### Records for processing
----

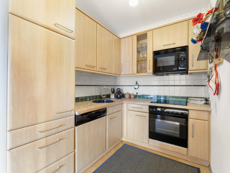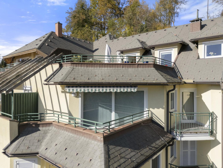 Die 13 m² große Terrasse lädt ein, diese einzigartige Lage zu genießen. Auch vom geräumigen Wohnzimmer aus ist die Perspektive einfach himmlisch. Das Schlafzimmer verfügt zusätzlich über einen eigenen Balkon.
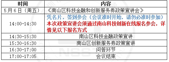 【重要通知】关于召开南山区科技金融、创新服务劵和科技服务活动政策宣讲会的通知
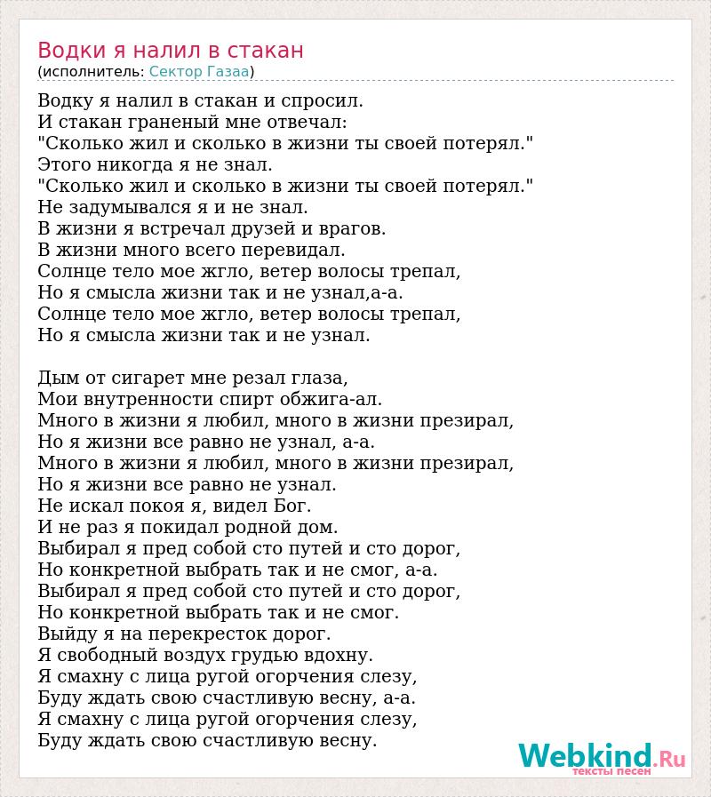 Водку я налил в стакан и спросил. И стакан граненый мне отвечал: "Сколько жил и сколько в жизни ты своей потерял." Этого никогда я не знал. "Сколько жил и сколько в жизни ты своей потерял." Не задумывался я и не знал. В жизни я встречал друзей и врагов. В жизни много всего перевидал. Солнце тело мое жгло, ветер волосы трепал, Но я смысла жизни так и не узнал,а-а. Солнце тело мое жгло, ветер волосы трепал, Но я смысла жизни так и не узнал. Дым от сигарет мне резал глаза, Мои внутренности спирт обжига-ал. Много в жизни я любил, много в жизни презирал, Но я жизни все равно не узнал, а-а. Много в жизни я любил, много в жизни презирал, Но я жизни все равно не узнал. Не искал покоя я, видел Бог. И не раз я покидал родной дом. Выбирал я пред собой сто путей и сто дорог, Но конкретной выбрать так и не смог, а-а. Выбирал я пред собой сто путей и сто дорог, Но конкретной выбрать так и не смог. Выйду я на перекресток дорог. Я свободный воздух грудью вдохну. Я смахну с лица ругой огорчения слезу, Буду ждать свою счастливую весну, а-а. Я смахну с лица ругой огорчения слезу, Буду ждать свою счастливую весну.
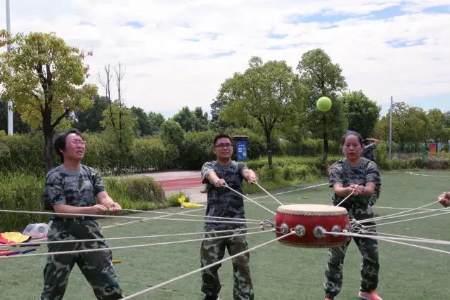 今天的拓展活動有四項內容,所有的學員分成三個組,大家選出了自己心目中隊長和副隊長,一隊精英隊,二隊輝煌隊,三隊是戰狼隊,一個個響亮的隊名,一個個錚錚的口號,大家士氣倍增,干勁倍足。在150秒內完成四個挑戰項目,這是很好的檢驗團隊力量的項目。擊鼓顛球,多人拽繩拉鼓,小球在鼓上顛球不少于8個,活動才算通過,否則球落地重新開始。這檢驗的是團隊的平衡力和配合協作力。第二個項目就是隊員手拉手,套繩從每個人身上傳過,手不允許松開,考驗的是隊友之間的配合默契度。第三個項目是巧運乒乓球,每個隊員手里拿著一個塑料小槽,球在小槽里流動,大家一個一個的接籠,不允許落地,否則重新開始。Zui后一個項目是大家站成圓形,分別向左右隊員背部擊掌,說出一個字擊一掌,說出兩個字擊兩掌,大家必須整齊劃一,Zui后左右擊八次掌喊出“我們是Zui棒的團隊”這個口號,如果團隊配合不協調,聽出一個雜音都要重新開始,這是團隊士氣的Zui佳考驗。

----

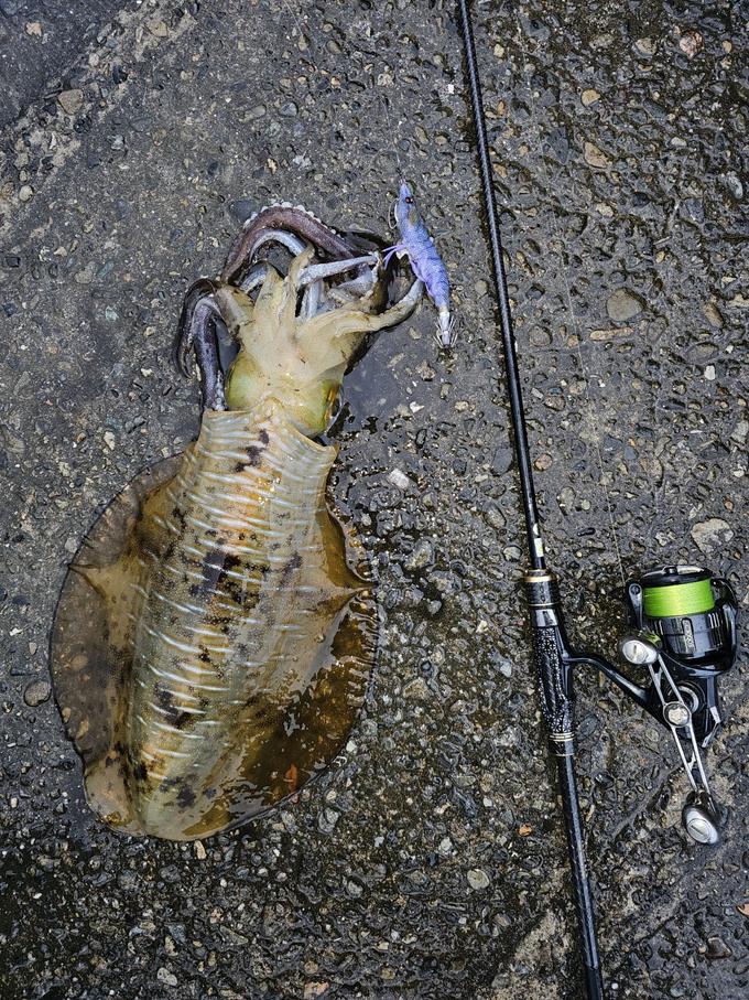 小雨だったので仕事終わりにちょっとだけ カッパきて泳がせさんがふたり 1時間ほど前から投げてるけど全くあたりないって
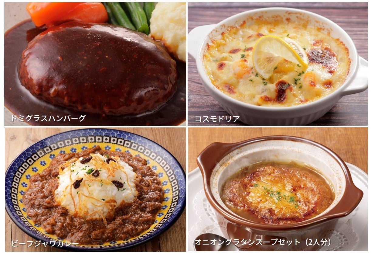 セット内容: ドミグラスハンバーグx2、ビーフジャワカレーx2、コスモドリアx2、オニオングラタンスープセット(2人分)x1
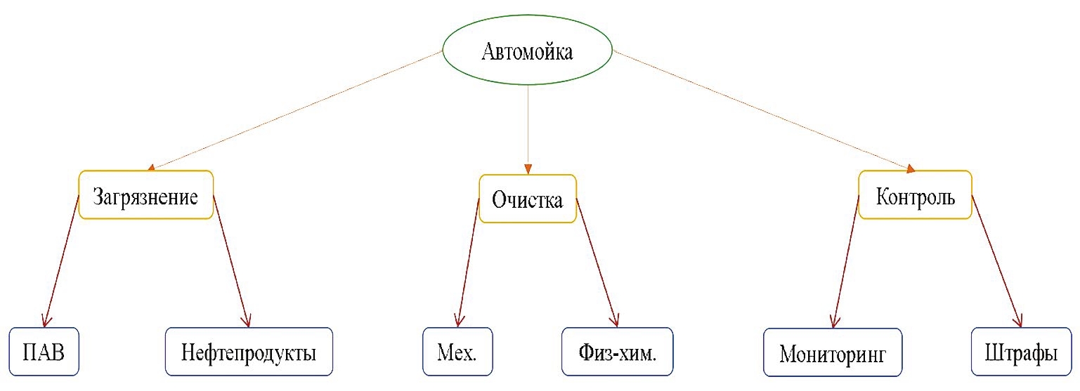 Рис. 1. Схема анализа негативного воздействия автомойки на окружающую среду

----

Above are the records. Copy only the lines from the one with "セット内容: ドミグラスハン" through the one with "Рис. 1. Схема", exactly, with no pictures.

### Written solution
 セット内容: ドミグラスハンバーグx2、ビーフジャワカレーx2、コスモドリアx2、オニオングラタンスープセット(2人分)x1
 Рис. 1. Схема анализа негативного воздействия автомойки на окружающую среду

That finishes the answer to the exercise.